*** Provided records ***
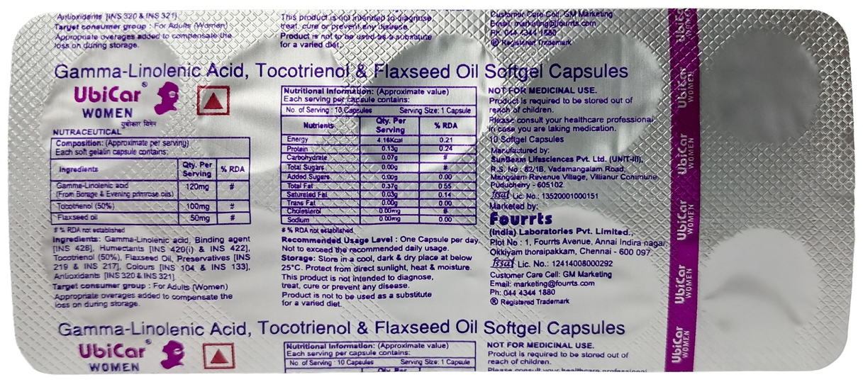 Ubicar Women Capsule: is a specialized combination medicine crafted to address mastalgia and fibrocystic breast disease, both prevalent issues affecting 70% of women, particularly those aged 30-50. This capsule stands out for its targeted relief, effectively managing breast pain and discomfort associated with mastalgia while also addressing symptoms related to fibrocystic breast disease. Key Ingredients: Gamma-linolenic acid 120mg (from borage and evening primrose oils), Tocotrienols 100 mg, Flax seed oil 50 mg, Other ingredients: Gelatin (INS 428) Glycern (INS 472) Sorbitol (INS 420) Preservative (Sodium Methyl Paraben (INS 219) and Sodium Propyl Paraben (INS 217) and Colours (INS 104 and INS 133)
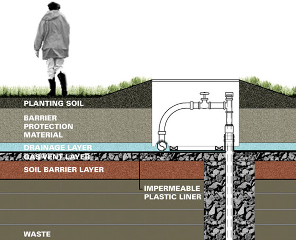It starts life as a quarry, with valuable material extracted from the earth to make a hole. The site then has a life as a landfill, where operators charge to fill the hole back up with the surrounding community's waste. The "after life" stage can include some sort of development on the site.
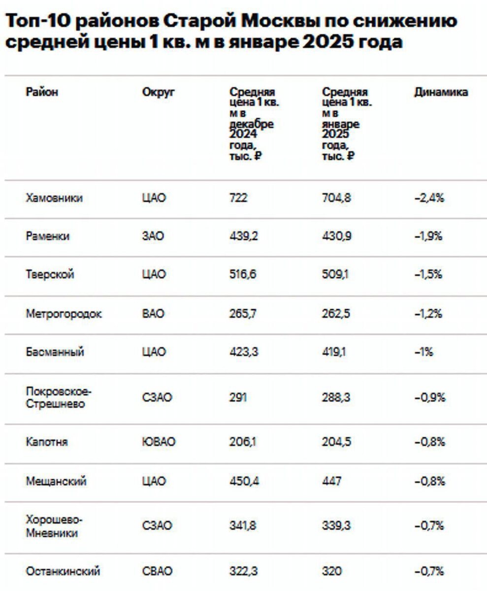 По информации от РБК Недвижимость, наибольшее снижение цен на вторичное жильё в январе 2025 года было зафиксировано в районах Хамовники, Раменки и Тверской.
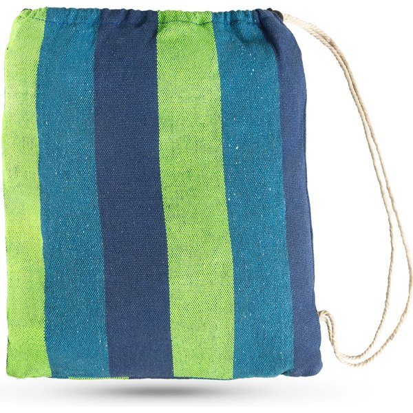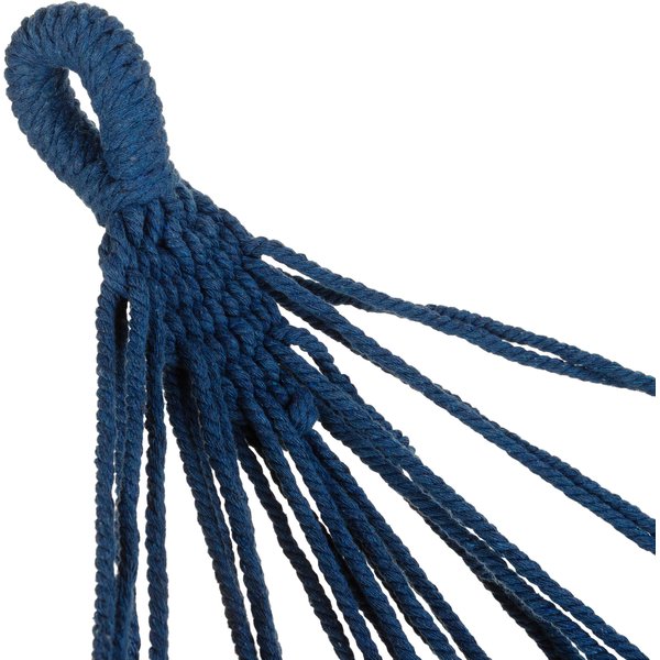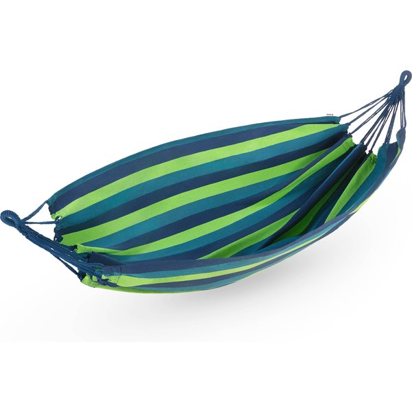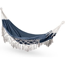 Hamak wykonany z wytrzymałej, a zarazem przyjemnej w dotyku tkaniny zapewnia doskonałe warunki do wypoczynku. Jego obszerna powierzchnia z łatwością pomieści jedną lub dwie osoby, oferując pełen komfort zarówno podczas samotnego relaksu, jak i wspólnego spędzania czasu.
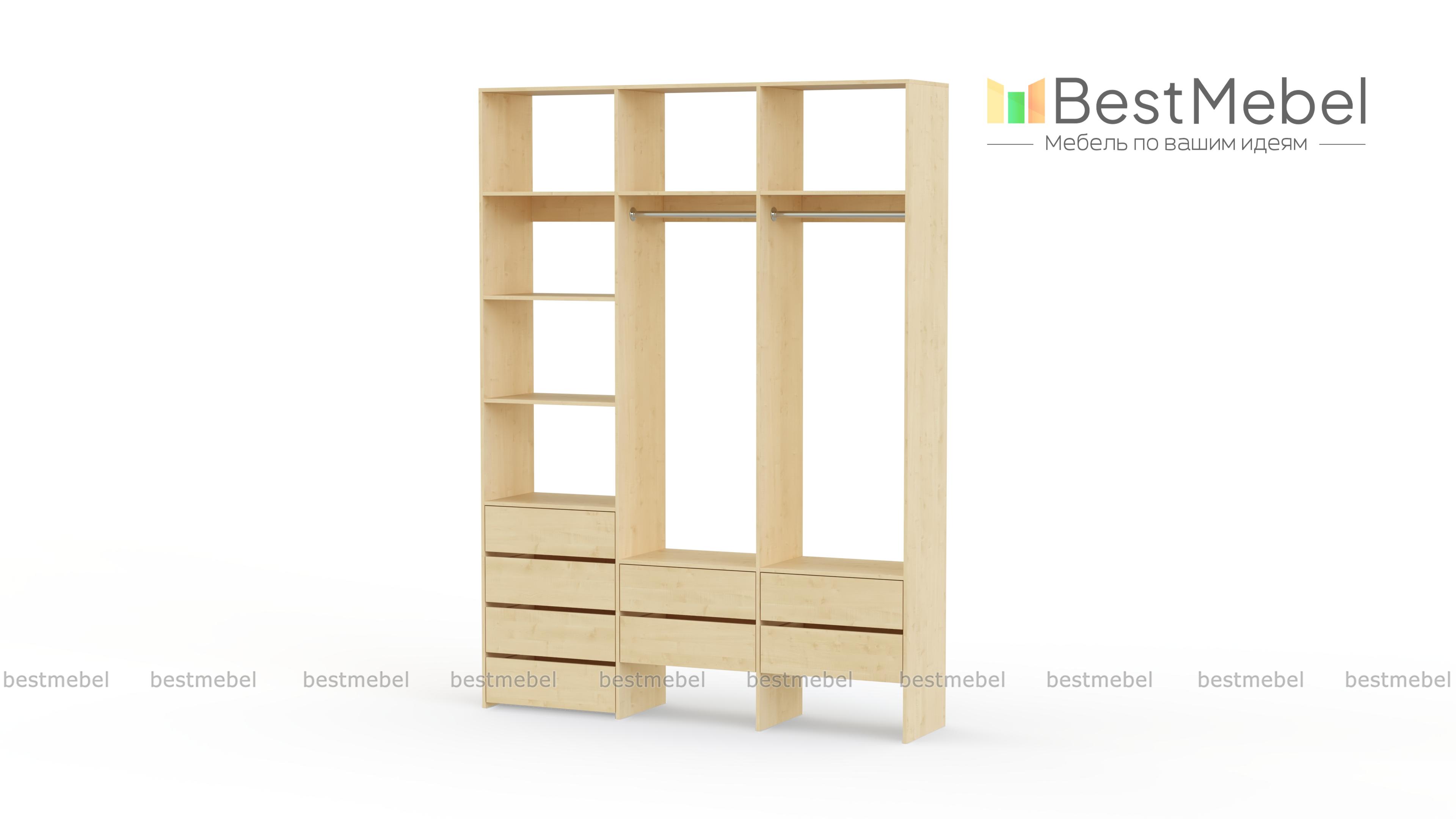 Стеллаж для одежды Мирта 54 BMS станет частью современной прихожей или гардеробной. Конструкция из ламинированной плиты имеет универсальный дизайн, надежна и функциональна. Система хранения трехсекционного стеллажа включает в себя две платяные штанги, ящики для белья и мелочей, ряд верхних и боковых полок, а пространство под ящиками можно использовать для размещения обуви. Купить стеллаж для одежды Мирта 54 BMS приглашаем в наш интернет-магазин, подобрав нужные размеры и цвет по каталогу.
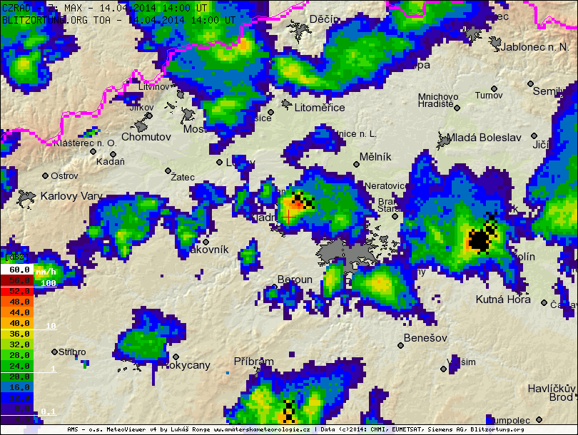 | Místa s bouřkou 14.4.2014 na základě detekční sítě Blitzortung. © Blitzortung Velikost: 93.6 kB |
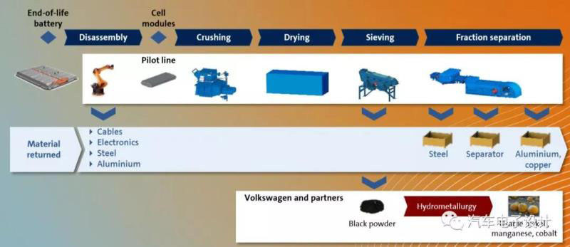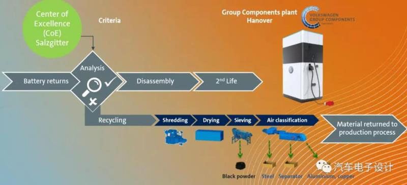 整個(gè)工藝過(guò)程如下圖所示,可以看到大眾考慮這件事情,是把模組作為最小的單元,模組以下就是統(tǒng)一機(jī)械化處理。所以這個(gè)模組整體是要能拆解的,而模組本身維修也好,后續(xù)分解也好作為一個(gè)整體。
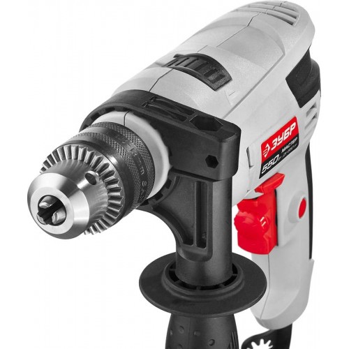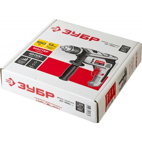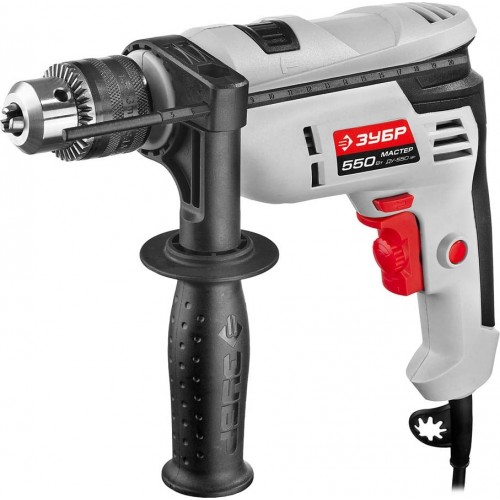 Дрель ударная электрическая ЗУБР ДУ-550 ЭР, предназначен для сверления отверстий в различных материалах (дерево, сталь, кирпич, легкий бетон и т. д.). Компактная и легкая дрель с ключевым патроном, плавной регулировкой оборотов и надежной конструкцией - лучший подарок домашнему мастеру. Широкий диапазон регулировки частоты вращения, удобная эргономика - все, что нужно для качественной работы. Удобный инструмент для эффективной и производительной работы. Легкая и компактная дрель для работ по дому. Функция сверления с ударом позволяет выполнять отверстия в кирпиче и легком бетоне. Качественный кулачковый патрон для насадок диаметром до 13 мм. Электронная регулировка предела частоты вращения удобным колесиком в широком диапазоне. Изменение частоты вращения степенью нажатия на выключатель в пределах установленного колесом максимума. Ударные шестерни из хромового сплава продлевают срок жизни ударного механизма. Изменение направления вращения (реверс) позволяет использовать изделие в качестве шуруповерта.
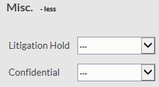 The Misc option contains limits for the Litigation hold and the Confidential tags. They have two settings: True or False. A Setting of ‘True’ restricts all results to only items which have the selected tag.
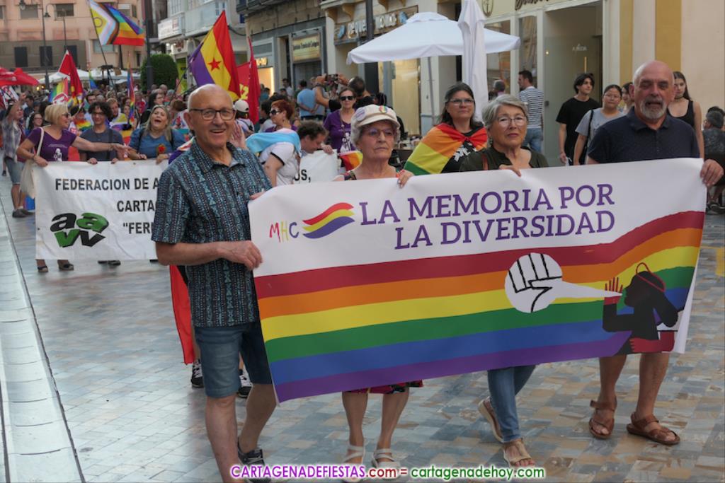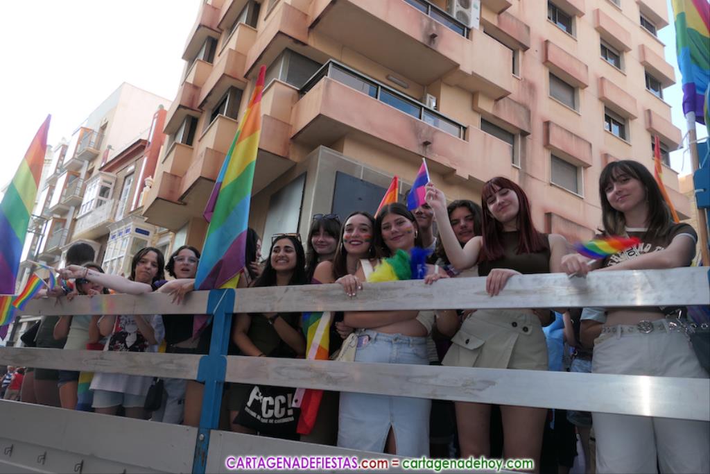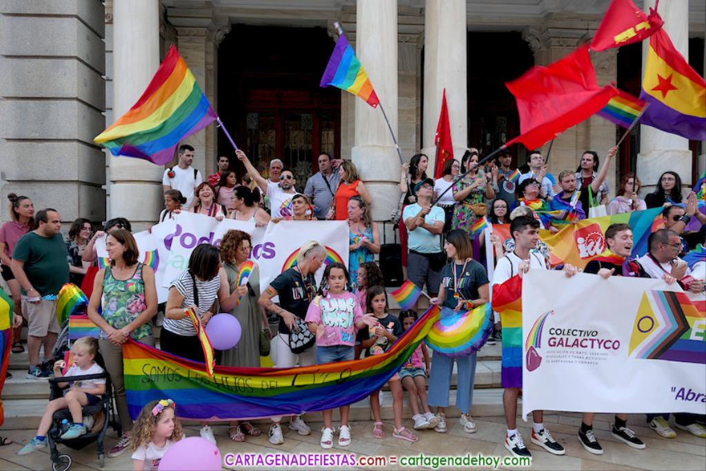 ‘Familias LGTBIQ+. Abrazando la Diversidad Familiar'. Con este lema centrado en núcleos familiares surgidos de núcleos familiares no típicos se puso en marcha el colorido desfile cartagenero para evitar que suceda como en Italia, donde la Fiscalía ha pedido formalmente la rectificación de 33 certificados de nacimiento solicitados por parejas de madres y registrados a partir de 2017 y la retirada de los apellidos de la madre no gestante. En nuestro caso, en España se lucha por evitar que esa medida llegue y que todas las familias mantengan sus plenos derechos como tales. "Parejas de mujeres y de hombres están sufriendo estigmatización, no debemos permitirlo", proclaman.
***
*Instructions to follow*.
Copy every line exactly, from the opening line of the entries down to the line holding "It starts life", and keep the pictures out.

*Result*.
 Ubicar Women Capsule: is a specialized combination medicine crafted to address mastalgia and fibrocystic breast disease, both prevalent issues affecting 70% of women, particularly those aged 30-50. This capsule stands out for its targeted relief, effectively managing breast pain and discomfort associated with mastalgia while also addressing symptoms related to fibrocystic breast disease. Key Ingredients: Gamma-linolenic acid 120mg (from borage and evening primrose oils), Tocotrienols 100 mg, Flax seed oil 50 mg, Other ingredients: Gelatin (INS 428) Glycern (INS 472) Sorbitol (INS 420) Preservative (Sodium Methyl Paraben (INS 219) and Sodium Propyl Paraben (INS 217) and Colours (INS 104 and INS 133)
It starts life as a quarry, with valuable material extracted from the earth to make a hole. The site then has a life as a landfill, where operators charge to fill the hole back up with the surrounding community's waste. The "after life" stage can include some sort of development on the site.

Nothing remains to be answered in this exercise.